Figure 22.6: A directed graph for use in Exercises 22.3-2 and 22.5-2.

Exercises 22.3-3

Show the parenthesis structure of the depth-first search shown in Figure 22.4.

Exercises 22.3-4

Show that edge (u, v) is

a tree edge or forward edge if and only if d[u] < d[v] < f[v] < f[u],
a back edge if and only if d[v] < d[u] < f[u] < f[v], and
a cross edge if and only if d[v] < f[v] < d[u] < f[u].

Exercises 22.3-5

Show that in an undirected graph, classifying an edge (u, v) as a tree edge or a back edge according to whether (u, v) or (v, u) is encountered first during the depth-first search is equivalent to classifying it according to the priority of types in the classification scheme.

Exercises 22.3-6

Rewrite the procedure DFS, using a stack to eliminate recursion.

Exercises 22.3-7

Give a counterexample to the conjecture that if there is a path from u to v in a directed graph G, and if d[u] < d[v] in a depth-first search of G, then v is a descendant of u in the depth-first forest produced.

Exercises 22.3-8

Give a counterexample to the conjecture that if there is a path from u to v in a directed graph G, then any depth-first search must result in d[v] ≤ f[u].

Exercises 22.3-9

Modify the pseudocode for depth-first search so that it prints out every edge in the directed graph G, together with its type. Show what modifications, if any, must be made if G is undirected.

Exercises 22.3-10

Explain how a vertex u of a directed graph can end up in a depth-first tree containing only u, even though u has both incoming and outgoing edges in G.

Exercises 22.3-11

Show that a depth-first search of an undirected graph G can be used to identify the connected components of G, and that the depth-first forest contains as many trees as G has connected components.
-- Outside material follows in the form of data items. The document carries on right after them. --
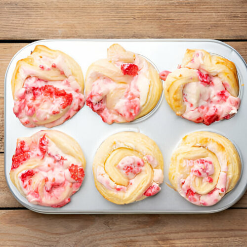 Cinnamon rolls were always a favorite snack at home , soft and gooey they kinda melt in your mouth . With that sweet smell of cinnamon floating around the kitchen you can’t help but smile . And when you fold in bright raspberries and a lemon twist it gets even better , like a little party for your taste buds .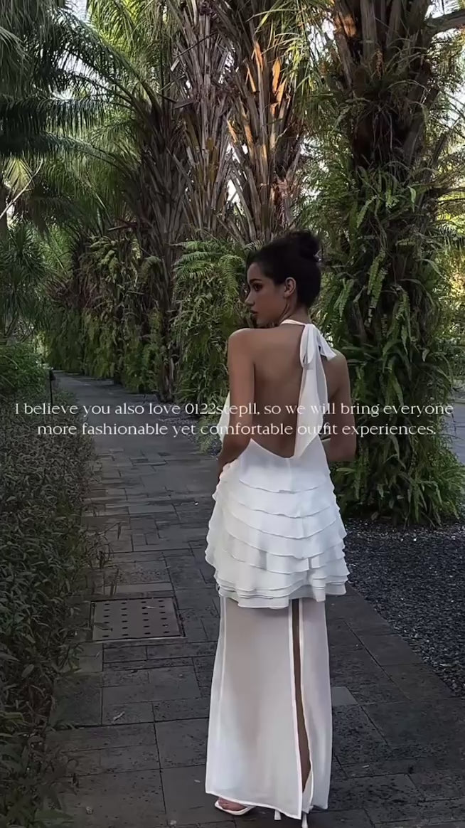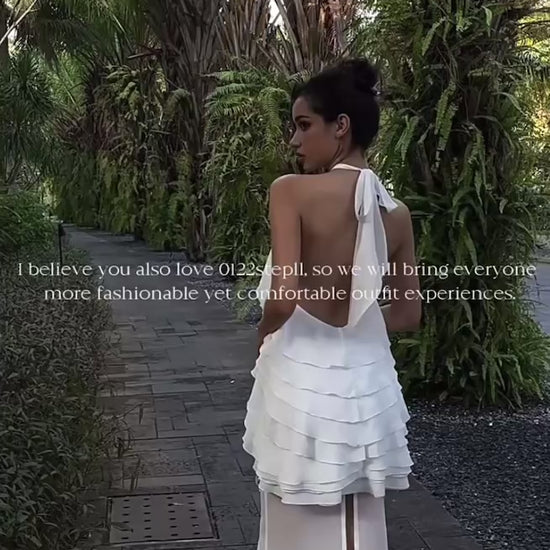 • Multiple layers of ruffled details crafted with elaborate workmanship overlay the body of the top.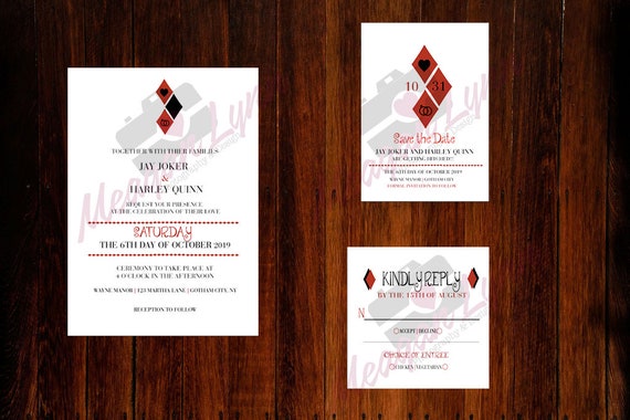 Harley Quinn Joker Wedding Invitation Set Digital Etsy
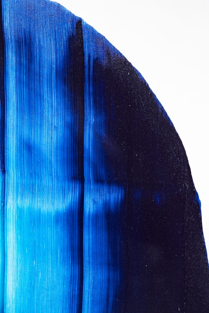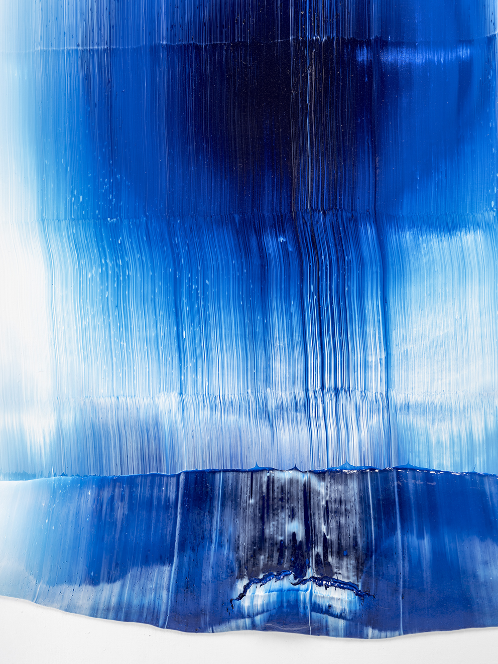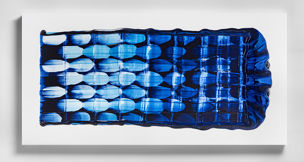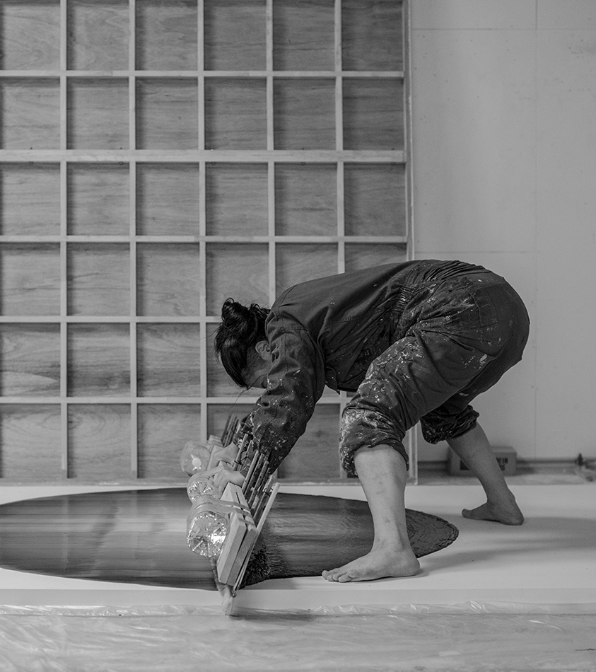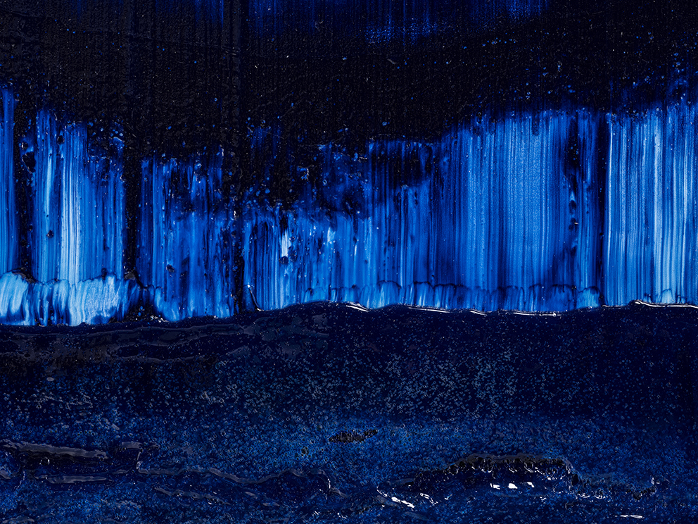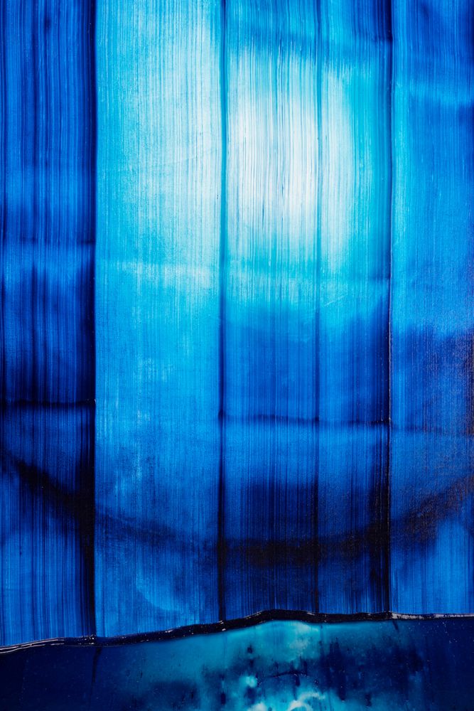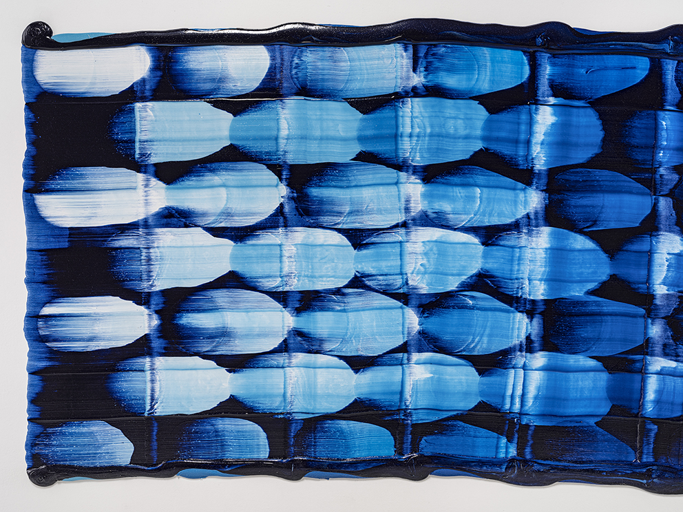 I may have jumped ahead too quickly; let us look more carefully at Katsuki’s expression. Her expression which may be characterised by the intonated brushstrokes utilising deep blue paint, is realised through a serial elaborate preparation. After creating a thick coloured plane of paints subtly varying in brightness from white to deep blue on the canvas, hypothesising the final icon, she then moves the mass of paints in one stroke from top to bottom leaving brush marks, using brushes installed in a row, to create the flowing brushstroke. This irreversible process creates an incidental pattern, which Katsuki even predicts that might turn out to be very different from the icon she imagines. As this sort of contingency is induced, unpredictable forms make their appearance, allowing the viewer and even the artist to interpret anything and everything.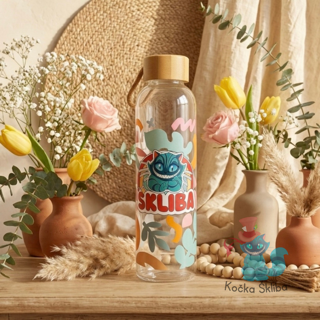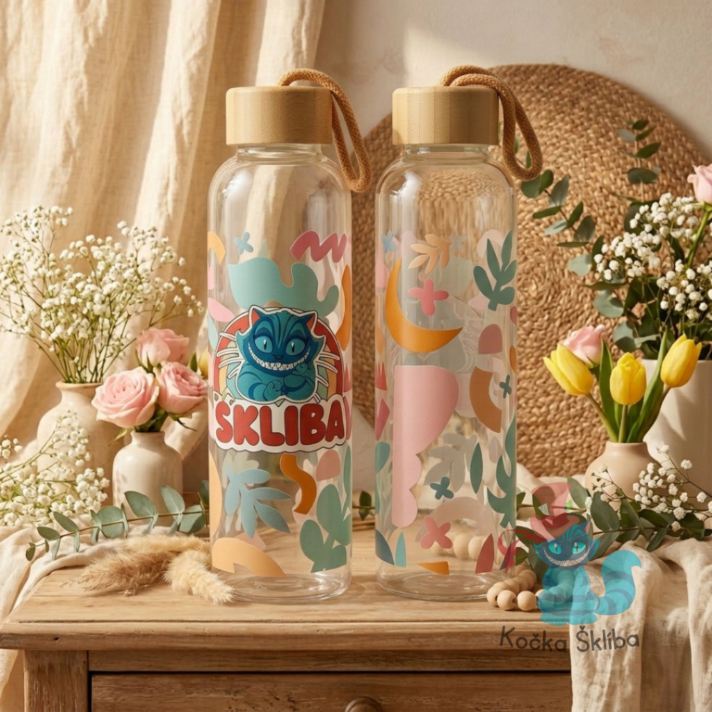 Naše skleněná lahev je důkazem, že i tak obyčejná věc, jako je pitný režim, může být naprostý rituál krásy. Zapomeňte na nevzhledné plasty – tato lahev z odolného skla uchová váš nápoj čerstvý a bez jakýchkoliv pachutí. S motivem Šklíby, která si spokojeně hoví na obláčku, vám bude připomínat, že i v největším shonu je důležité se na chvíli zastavit a osvěžit.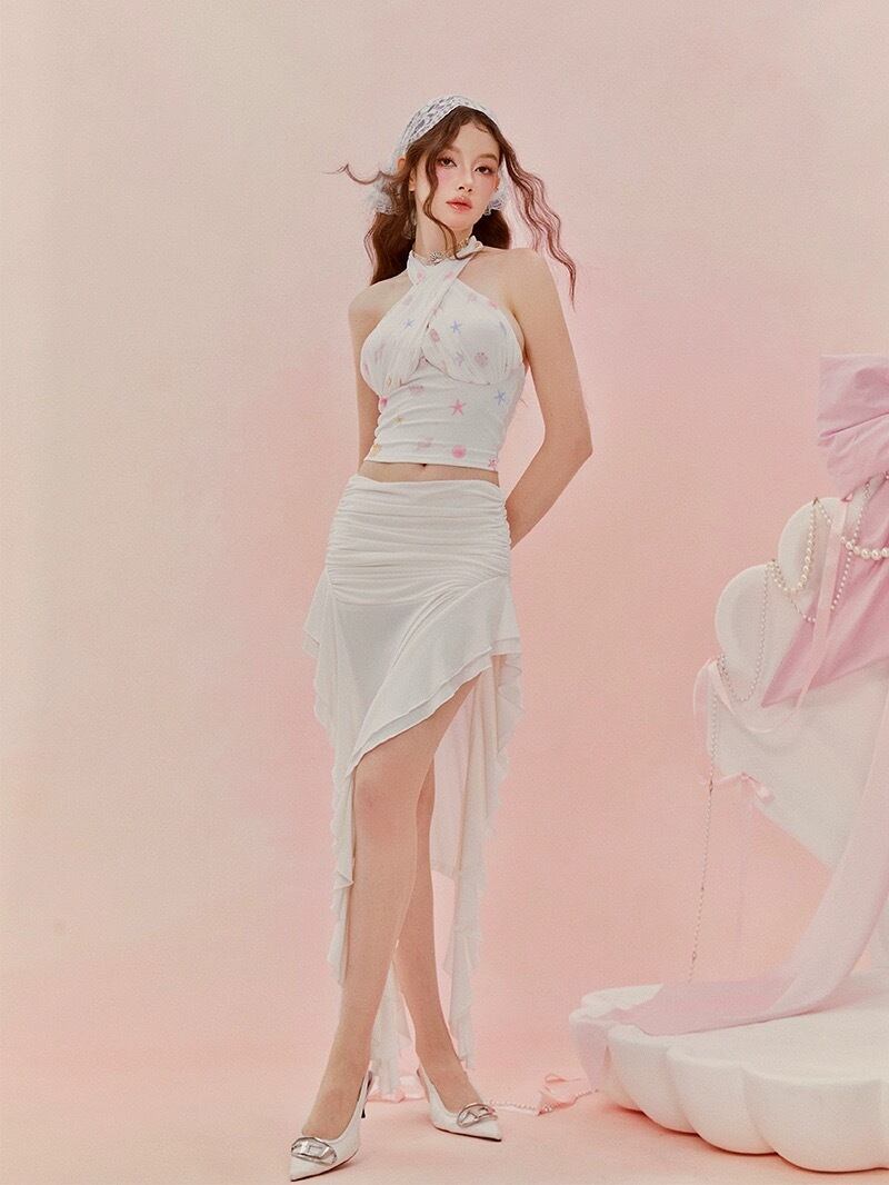キャミソール 白 ベアトップ ブラウス トップス ガーリー セクシー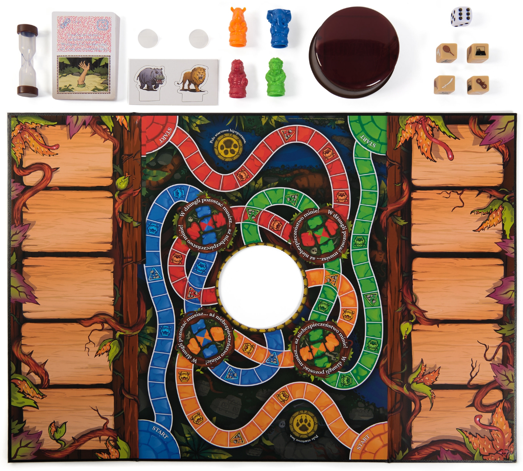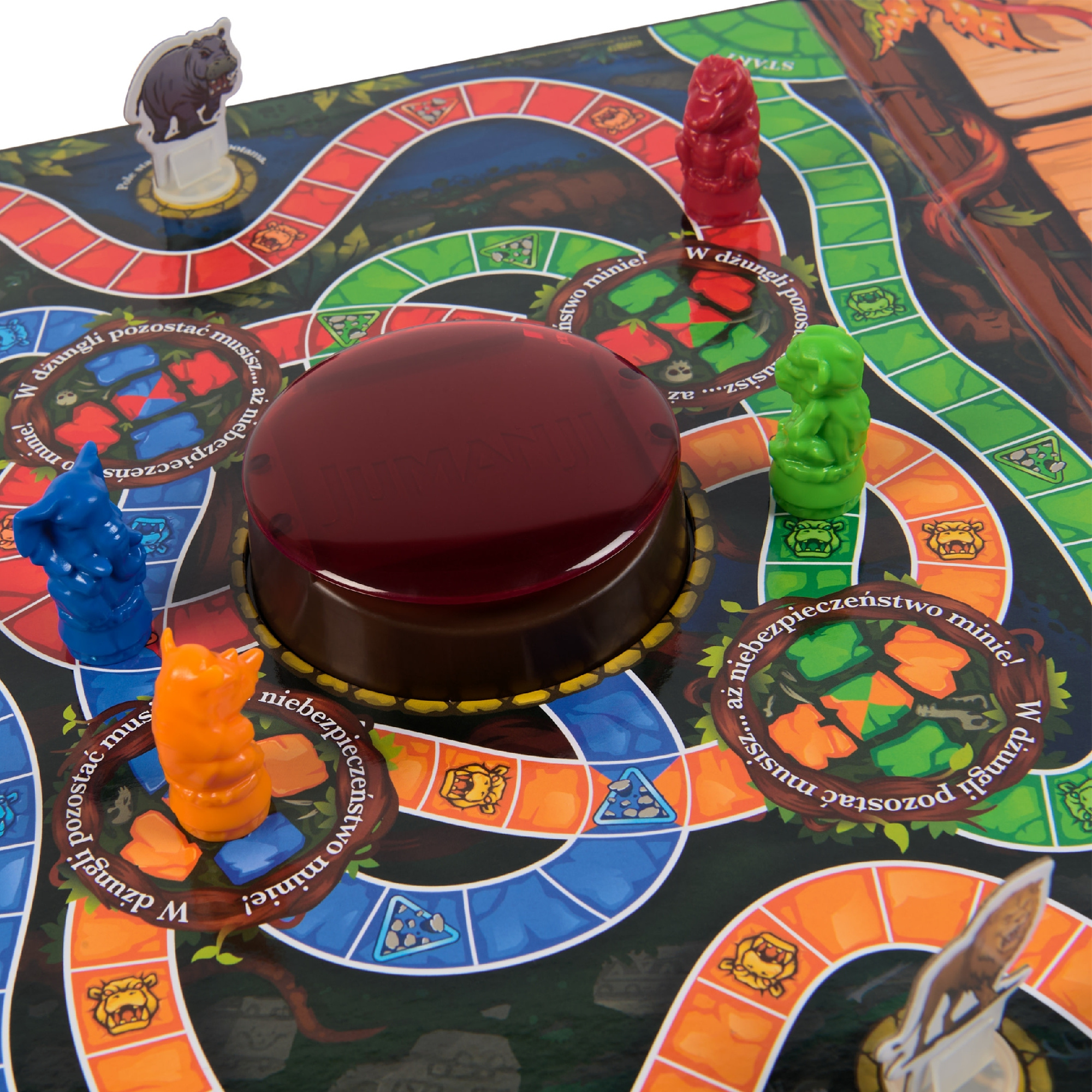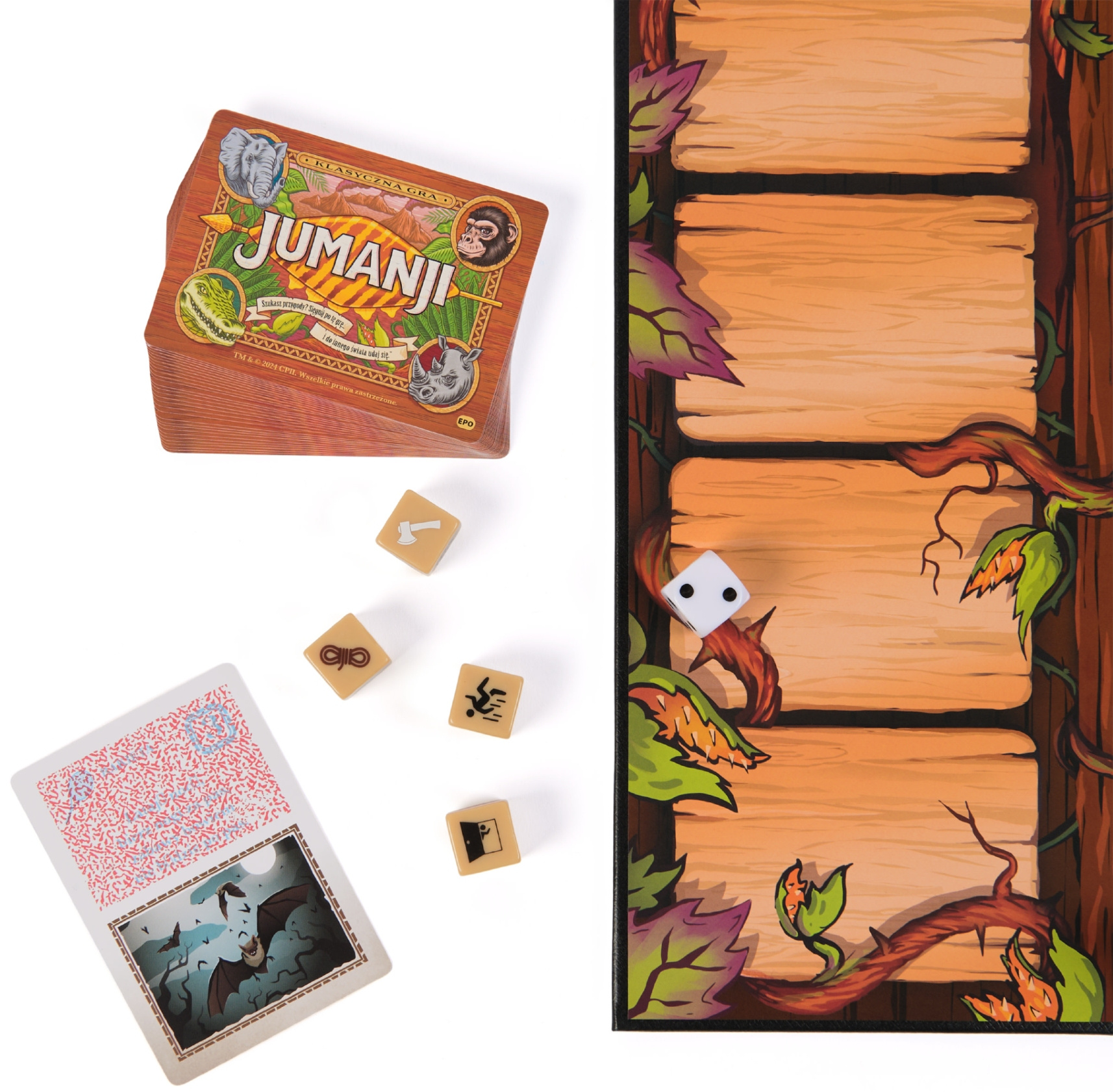 W trakcie gry będziesz stawiał czoła przeróżnym niebezpieczeństwom (np. atak trąbiących słoni, ugryzienie dzikiego lwa), będziesz rozszyfrowywać tajne wiadomości i przede wszystkim będziesz ścigał się z czasem. A gdy już podołasz wszystkim wyzwaniom i staniesz w centrum planszy, wówczas zakrzyknij "Jumanji" i zostań zwycięzcą!

More precisely, show how to modify depth-first search so that each vertex v is assigned an integer label cc[v] between 1 and k, where k is the number of connected components of G, such that cc[u] = cc[v] if and only if u and v are in the same connected component.

Exercises 22.3-12: ⋆

A directed graph G = (V, E) is singly connected if implies that there is at most one simple path from u to v for all vertices u, v ∈ V. Give an efficient algorithm to determine whether or not a directed graph is singly connected.

^[2]It may seem arbitrary that breadth-first search is limited to only one source whereas depth-first search may search from multiple sources. Although conceptually, breadth-first search could proceed from multiple sources and depth-first search could be limited to one source, our approach reflects how the results of these searches are typically used. Breadth-first search is usually employed to find shortest-path distances (and the associated predecessor subgraph) from a given source. Depth-first search is often a subroutine in another algorithm, as we shall see later in this chapter.